A limitation of this study was that the majority of the samples (95% of healthcare workers) were collected between 0800-1100 h and therefore the impact of sampling time in immune responses elicited by vaccination could not be evaluated. Based on the recently reported results by Wang et al. (2022), sample collection time does not significantly affect immune responses in seropositive and seronegative vaccines.

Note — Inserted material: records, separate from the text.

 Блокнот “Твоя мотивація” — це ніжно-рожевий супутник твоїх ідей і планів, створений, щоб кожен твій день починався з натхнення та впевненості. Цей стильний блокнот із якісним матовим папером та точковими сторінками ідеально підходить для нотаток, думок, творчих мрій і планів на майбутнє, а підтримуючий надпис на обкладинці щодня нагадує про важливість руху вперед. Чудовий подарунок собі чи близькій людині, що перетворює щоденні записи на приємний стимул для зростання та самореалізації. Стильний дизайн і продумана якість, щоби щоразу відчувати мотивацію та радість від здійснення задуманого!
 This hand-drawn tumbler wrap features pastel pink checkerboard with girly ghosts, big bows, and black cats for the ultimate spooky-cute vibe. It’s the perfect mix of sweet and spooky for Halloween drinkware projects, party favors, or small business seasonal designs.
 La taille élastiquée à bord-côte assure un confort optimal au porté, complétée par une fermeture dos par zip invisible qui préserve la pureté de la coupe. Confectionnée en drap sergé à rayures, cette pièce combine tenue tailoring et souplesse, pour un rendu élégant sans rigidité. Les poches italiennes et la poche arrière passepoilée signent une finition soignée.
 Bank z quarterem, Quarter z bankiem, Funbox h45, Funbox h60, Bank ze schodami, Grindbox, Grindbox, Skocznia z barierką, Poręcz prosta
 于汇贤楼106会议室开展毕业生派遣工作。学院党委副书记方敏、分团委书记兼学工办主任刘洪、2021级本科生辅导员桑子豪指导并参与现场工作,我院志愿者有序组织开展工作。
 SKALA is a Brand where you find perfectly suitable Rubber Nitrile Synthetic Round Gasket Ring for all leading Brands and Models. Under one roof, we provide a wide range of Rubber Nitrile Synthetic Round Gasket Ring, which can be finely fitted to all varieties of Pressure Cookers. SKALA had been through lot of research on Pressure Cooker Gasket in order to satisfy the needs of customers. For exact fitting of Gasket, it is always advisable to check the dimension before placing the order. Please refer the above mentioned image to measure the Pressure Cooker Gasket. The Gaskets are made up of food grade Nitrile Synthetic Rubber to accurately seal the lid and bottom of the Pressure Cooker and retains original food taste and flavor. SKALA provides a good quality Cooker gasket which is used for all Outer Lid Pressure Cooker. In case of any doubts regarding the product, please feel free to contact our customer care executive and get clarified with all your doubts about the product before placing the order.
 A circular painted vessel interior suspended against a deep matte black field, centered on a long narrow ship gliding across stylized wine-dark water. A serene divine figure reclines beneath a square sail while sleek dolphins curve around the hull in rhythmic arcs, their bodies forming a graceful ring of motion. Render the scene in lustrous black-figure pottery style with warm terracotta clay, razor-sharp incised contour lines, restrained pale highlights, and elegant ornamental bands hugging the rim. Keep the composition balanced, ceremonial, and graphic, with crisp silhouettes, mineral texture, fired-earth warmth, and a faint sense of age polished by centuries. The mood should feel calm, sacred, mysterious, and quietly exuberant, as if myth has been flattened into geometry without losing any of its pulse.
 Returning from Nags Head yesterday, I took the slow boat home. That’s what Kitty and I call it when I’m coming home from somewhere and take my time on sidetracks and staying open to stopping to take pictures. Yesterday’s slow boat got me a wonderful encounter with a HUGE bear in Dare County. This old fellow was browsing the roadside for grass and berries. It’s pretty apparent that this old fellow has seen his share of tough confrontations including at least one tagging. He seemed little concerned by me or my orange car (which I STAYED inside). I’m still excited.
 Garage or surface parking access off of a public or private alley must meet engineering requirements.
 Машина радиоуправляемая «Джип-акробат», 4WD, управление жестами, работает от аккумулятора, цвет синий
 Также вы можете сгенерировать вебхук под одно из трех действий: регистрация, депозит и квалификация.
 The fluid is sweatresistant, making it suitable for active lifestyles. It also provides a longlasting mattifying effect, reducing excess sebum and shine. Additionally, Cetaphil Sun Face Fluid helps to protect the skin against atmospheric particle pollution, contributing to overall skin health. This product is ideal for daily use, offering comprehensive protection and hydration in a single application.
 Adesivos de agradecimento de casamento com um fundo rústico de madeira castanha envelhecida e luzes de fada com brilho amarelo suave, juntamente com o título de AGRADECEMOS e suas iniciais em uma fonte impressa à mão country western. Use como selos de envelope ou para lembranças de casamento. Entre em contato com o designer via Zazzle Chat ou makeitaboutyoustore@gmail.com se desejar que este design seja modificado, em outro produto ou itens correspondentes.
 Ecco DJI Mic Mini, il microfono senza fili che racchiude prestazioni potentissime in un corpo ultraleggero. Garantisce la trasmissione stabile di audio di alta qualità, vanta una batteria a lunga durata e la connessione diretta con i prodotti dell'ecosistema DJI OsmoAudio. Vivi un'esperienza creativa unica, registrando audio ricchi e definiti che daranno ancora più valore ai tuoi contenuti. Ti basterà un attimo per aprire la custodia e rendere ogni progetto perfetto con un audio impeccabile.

Optimization of COVID-19 vaccination is crucial for pandemic restriction. The hypothesis of a modified immune response after vaccination, depending on the time of day of vaccination, needs further investigation as the differences presented have not been associated with clinical outcomes. Future studies with large cohorts where time of day immunization can be associated with other epidemiological parameters are necessary to inform about the interplay of vaccination time and disease outcomes. Immunological factors which are associated with circadian rhythmicity like cellular immune responses and clinical outcomes such as symptomatic disease or severe clinical presentation shall be included in such analysis to provide solid evidence if this variability could have real clinical impact.